In the case of OA, when OA cartilage tissues were compared to healthy tissues, 18,413 DMGs emerged, the majority of them being hypomethylated in OA. Functional analysis showed that DMGs were enriched in insulin-like growth factor binding, integrin binding and collagen binding functions. In accordance to our findings, it is known that insulin-like growth factors are implicated in OA and have a prognostic value [72] . Additionally, integrin dysfunction [73] and collagen degradation [74] are well-known pathways involved in OA pathogenesis. In the biological process analysis, the identified DMGs were found to participate mainly in anterior/posterior pattern specification and in extracellular matrix (ECM) organization. Indeed, increased catabolism in the extracellular matrix of the articular cartilage is a key factor in the pathogenesis of OA [75] .

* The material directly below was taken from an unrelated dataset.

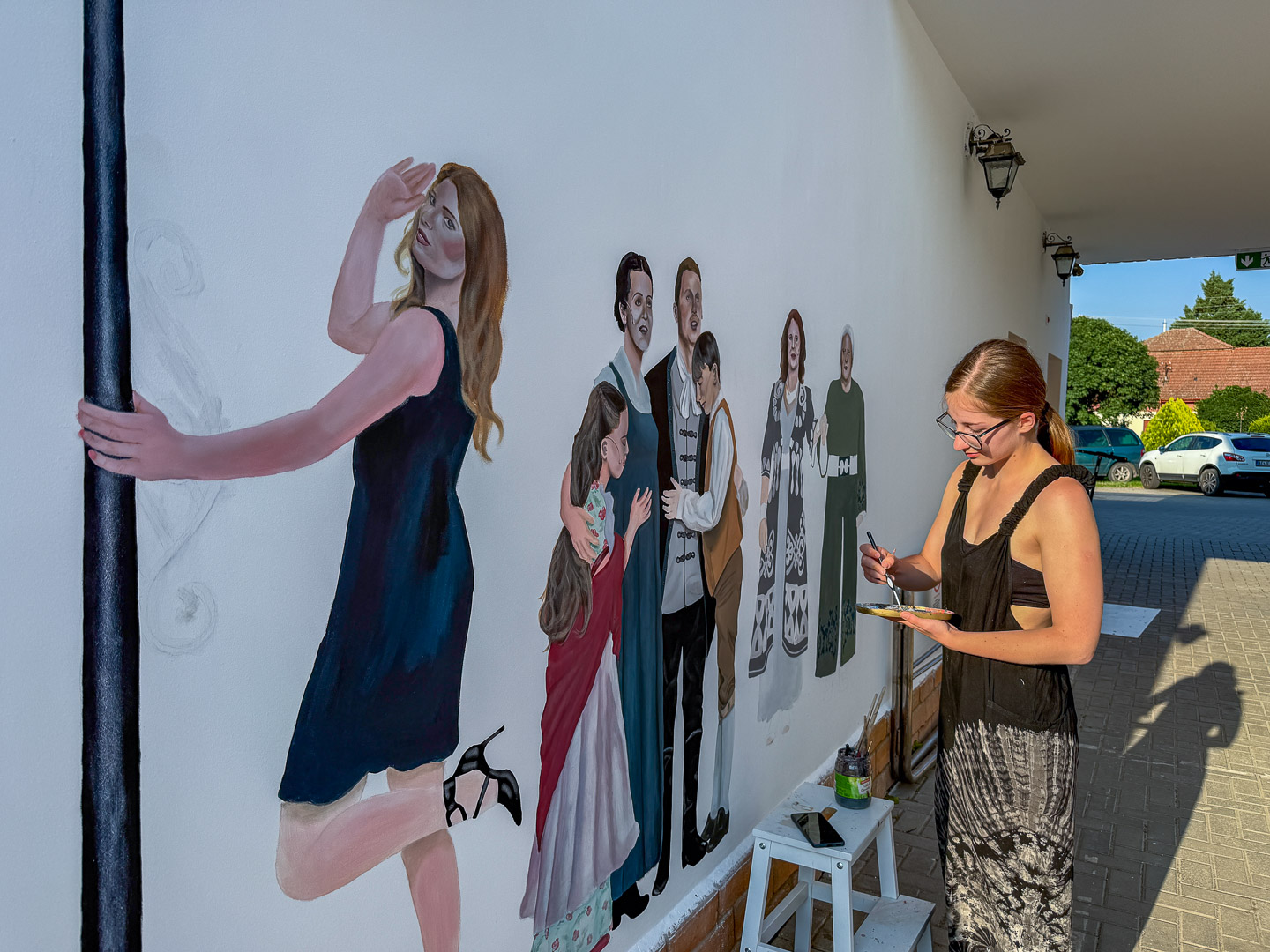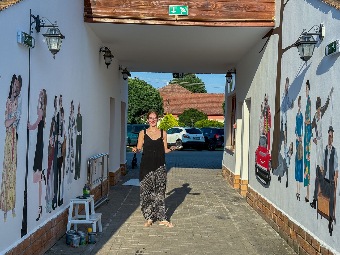 Kérdésünkre válaszolva Emma elmondta, hogy a Szarvasi Vízi Színház szellemiségéhez kapcsolódó jeleneteket szeretne megjeleníteni a falfestményen, ezért a Cervinus Teátrum művészeit és az itteni előadásokból vett részleteket festi fel, amelyeket a teljes falfelületen összefűz majd.

Most importantly, AutoML analysis delivered three equivalent OA cartilage-specific biosignatures with high performance (AUC of 0.978 and precision of 0.986) containing four features each. Two of them were protein-coding genes, namely, CASD1 and STOML1, two were lncRNA genes, namely, LINC01350 and RP11-272L13.3, one was an RNA gene, namely, CARMAL. Between them, only STOML1 was found to be associated with known OA pathways, reaching a score of 2.5 through text mining. In fact, stomatin-like (STOML) protein family members are found to be overexpressed in OA [76] . No associations were found between OA and the other signature's genes, CASD1, the two lncRNA genes and the CARMAL RNA gene, either using a machine learning-aided or manual search of the literature. Thus, the expression and biological relevance of these genes in OA pathophysiology, as well as their potential as novel biomarkers, should be investigated, as their methylation was highlighted to hold great classifying capacity in the OA biosignatures.

Specific methylation patterns of pancreatic β-cells would be of great value in the early detection and monitoring of pancreatic cell loss during diabetes. Differential methylation analysis comparing pancreatic β-cells and other tissues revealed 66 DMGs, 65 of them being hypomethylated in β-cells. Interestingly, through molecular function analysis, DMGs were associated with G-protein-coupled receptor (GPCR) activity and signaling pathway and protein kinase B (PKB) activity. Many GPCRs are involved in the development of insulin resistance and pancreatic β-cell dysfunction, which can lead to obesity-induced T2DM [77] . Additionally, it has been shown that the β-cell expression of PKB in mice increases β-cell mass by preserving β-cell survival [78] . Not surprisingly, DMGs were also found to be associated with glucose homeostasis, as blood glucose levels are tightly controlled by the regulation of insulin release from pancreatic β-cells [79] .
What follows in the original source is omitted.